The image contains problems asking for conversions from radians to degrees and determining the "principal value" of given angles in radians.

Here’s a step-by-step breakdown of what each part represents:

Converting from Radians to Degrees:

To convert radians to degrees, use the formula: $\text{Degrees} = \text{Radians} \times \frac{180}{\pi}$

For each question (a-g) in the left section:

1. a) $\frac{\pi}{8} \, \text{radians}$ $\text{Degrees} = \frac{\pi}{8} \times \frac{180}{\pi} = \frac{180}{8} = 22.5^\circ$

2. b) $\frac{3\pi}{2} \, \text{radians}$ $\text{Degrees} = \frac{3\pi}{2} \times \frac{180}{\pi} = 270^\circ$

3. c) $\frac{4\pi}{5} \, \text{radians}$ $\text{Degrees} = \frac{4\pi}{5} \times \frac{180}{\pi} = 144^\circ$

4. d) $\frac{\pi}{5} \, \text{radians}$ $\text{Degrees} = \frac{\pi}{5} \times \frac{180}{\pi} = 36^\circ$

5. e) $\frac{7\pi}{2} \, \text{radians}$ $\text{Degrees} = \frac{7\pi}{2} \times \frac{180}{\pi} = 630^\circ$

6. f) $\frac{12\pi}{5} \, \text{radians}$ $\text{Degrees} = \frac{12\pi}{5} \times \frac{180}{\pi} = 432^\circ$

7. g) $\frac{12\pi}{5} \, \text{radians}$ (Same as f, so it also equals 432°)

Principal Values (Esas Ölçü):

The "principal value" or "esas ölçü" refers to reducing an angle to the range $0^\circ \leq \theta < 360^\circ$.

For each question in the right section (A-F):

1. A) $\frac{7\pi}{6} \, \text{radians}$ $\text{Degrees} = \frac{7\pi}{6} \times \frac{180}{\pi} = 210^\circ$ Principal value: $210^\circ$ (since it's already within the 0° to 360° range).

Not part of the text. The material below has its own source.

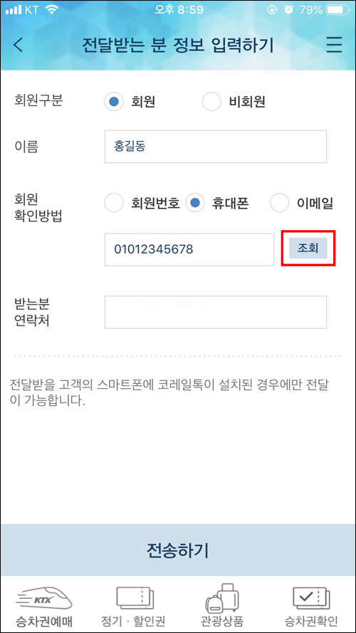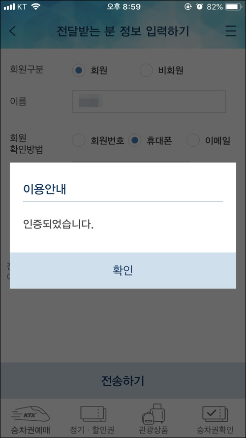 승차권을 전달받는 상대방이 코레일 회원임이 인증되었다.

2. B) $\frac{7\pi}{6} \, \text{radians}$ (same as A) Principal value: $210^\circ$

3. C) $\frac{38\pi}{5} \, \text{radians}$ $\text{Degrees} = \frac{38\pi}{5} \times \frac{180}{\pi} = 1368^\circ$ Now, subtract multiples of 360°: $1368^\circ - 3 \times 360^\circ = 288^\circ$ Principal value: $288^\circ$

4. D) $\frac{38\pi}{5} \, \text{radians}$ (same as C) Principal value: $288^\circ$

5. E) $\frac{9\pi}{2} \, \text{radians}$ $\text{Degrees} = \frac{9\pi}{2} \times \frac{180}{\pi} = 810^\circ$ Subtracting multiples of 360°: $810^\circ - 2 \times 360^\circ = 90^\circ$ Principal value: $90^\circ$

6. F) $\frac{21\pi}{2} \, \text{radians}$ $\text{Degrees} = \frac{21\pi}{2} \times \frac{180}{\pi} = 1890^\circ$ Subtracting multiples of 360°: $1890^\circ - 5 \times 360^\circ = 90^\circ$ Principal value: $90^\circ$

Summary of Principal Values:

• A) 210°
• B) 210°
• C) 288°
• D) 288°
• E) 90°
• F) 90°

Let me know if you would like further clarifications on any specific part of the problem.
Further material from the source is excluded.